*Exercise inputs:*
◆ ◆ ◆ ◆
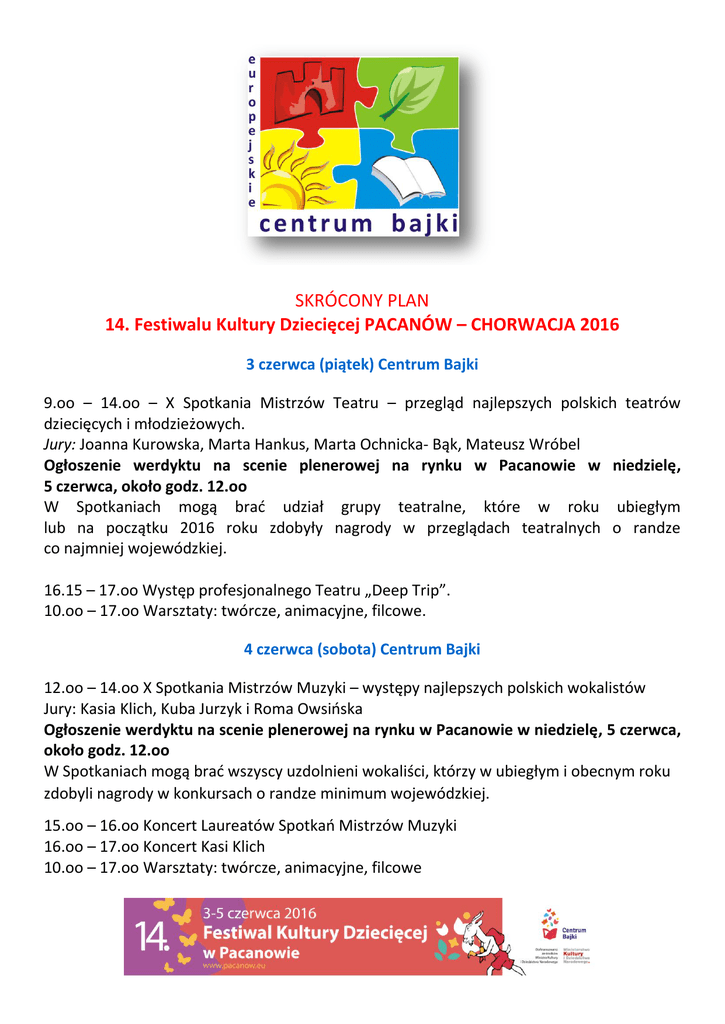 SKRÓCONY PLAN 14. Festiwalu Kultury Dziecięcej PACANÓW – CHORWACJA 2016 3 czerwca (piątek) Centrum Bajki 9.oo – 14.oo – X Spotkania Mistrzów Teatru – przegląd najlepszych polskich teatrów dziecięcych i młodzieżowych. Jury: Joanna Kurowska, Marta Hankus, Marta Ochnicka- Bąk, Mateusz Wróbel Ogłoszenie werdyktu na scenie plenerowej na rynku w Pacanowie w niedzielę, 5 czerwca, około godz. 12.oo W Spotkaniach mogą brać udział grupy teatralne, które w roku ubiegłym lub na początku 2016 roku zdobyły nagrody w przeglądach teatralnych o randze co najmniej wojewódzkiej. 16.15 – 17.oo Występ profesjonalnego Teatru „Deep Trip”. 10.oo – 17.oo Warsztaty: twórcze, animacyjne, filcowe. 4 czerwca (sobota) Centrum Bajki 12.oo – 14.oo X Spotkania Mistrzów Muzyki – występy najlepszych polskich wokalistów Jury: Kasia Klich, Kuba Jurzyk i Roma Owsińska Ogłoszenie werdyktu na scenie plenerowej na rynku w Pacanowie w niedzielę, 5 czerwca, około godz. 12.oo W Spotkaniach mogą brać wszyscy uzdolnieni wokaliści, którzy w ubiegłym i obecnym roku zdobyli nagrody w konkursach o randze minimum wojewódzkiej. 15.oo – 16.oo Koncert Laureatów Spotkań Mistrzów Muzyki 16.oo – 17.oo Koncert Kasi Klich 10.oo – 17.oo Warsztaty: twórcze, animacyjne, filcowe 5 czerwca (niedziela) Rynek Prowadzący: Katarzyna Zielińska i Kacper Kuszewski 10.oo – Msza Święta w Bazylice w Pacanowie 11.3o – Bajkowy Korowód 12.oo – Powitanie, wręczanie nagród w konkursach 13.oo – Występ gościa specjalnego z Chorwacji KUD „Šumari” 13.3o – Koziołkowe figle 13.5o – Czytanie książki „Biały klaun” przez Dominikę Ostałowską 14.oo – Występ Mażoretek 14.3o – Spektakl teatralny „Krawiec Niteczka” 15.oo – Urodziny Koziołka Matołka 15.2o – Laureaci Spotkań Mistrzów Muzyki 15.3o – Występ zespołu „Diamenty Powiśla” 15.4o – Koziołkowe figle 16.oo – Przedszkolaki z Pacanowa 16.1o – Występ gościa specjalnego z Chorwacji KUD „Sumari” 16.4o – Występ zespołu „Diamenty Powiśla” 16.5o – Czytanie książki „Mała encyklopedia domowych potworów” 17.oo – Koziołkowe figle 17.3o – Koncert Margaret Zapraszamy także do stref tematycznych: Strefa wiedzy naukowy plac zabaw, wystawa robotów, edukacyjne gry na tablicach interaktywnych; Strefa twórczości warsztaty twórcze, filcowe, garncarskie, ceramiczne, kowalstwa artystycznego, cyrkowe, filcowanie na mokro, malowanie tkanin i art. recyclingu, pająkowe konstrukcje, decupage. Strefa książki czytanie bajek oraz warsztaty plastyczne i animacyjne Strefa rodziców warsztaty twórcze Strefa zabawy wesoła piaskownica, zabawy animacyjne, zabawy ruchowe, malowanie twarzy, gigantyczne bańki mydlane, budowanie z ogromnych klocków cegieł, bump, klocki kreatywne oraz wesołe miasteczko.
◆ ◆ ◆ ◆
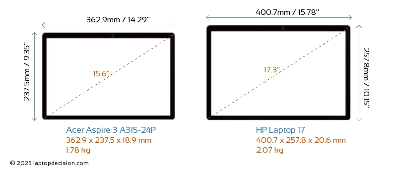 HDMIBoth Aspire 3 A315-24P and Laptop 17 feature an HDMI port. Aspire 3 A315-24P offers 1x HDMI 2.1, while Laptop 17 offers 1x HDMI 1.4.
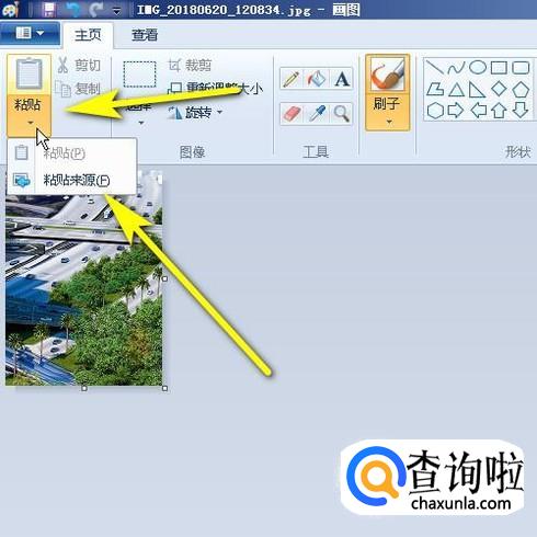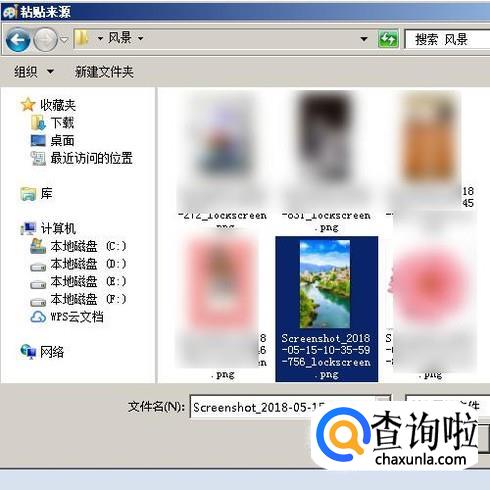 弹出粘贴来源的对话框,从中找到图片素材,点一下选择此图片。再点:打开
◆ ◆ ◆ ◆
*Work to complete:*
Look above for the line with "HDMIBoth Aspire 3", then give again exactly every line from there through the line with "弹出粘贴来源的对话框,从中找到图片素材,点一下选择此图片。再点:打开", skipping the pictures.

*Completed task:*
 HDMIBoth Aspire 3 A315-24P and Laptop 17 feature an HDMI port. Aspire 3 A315-24P offers 1x HDMI 2.1, while Laptop 17 offers 1x HDMI 1.4.
 弹出粘贴来源的对话框,从中找到图片素材,点一下选择此图片。再点:打开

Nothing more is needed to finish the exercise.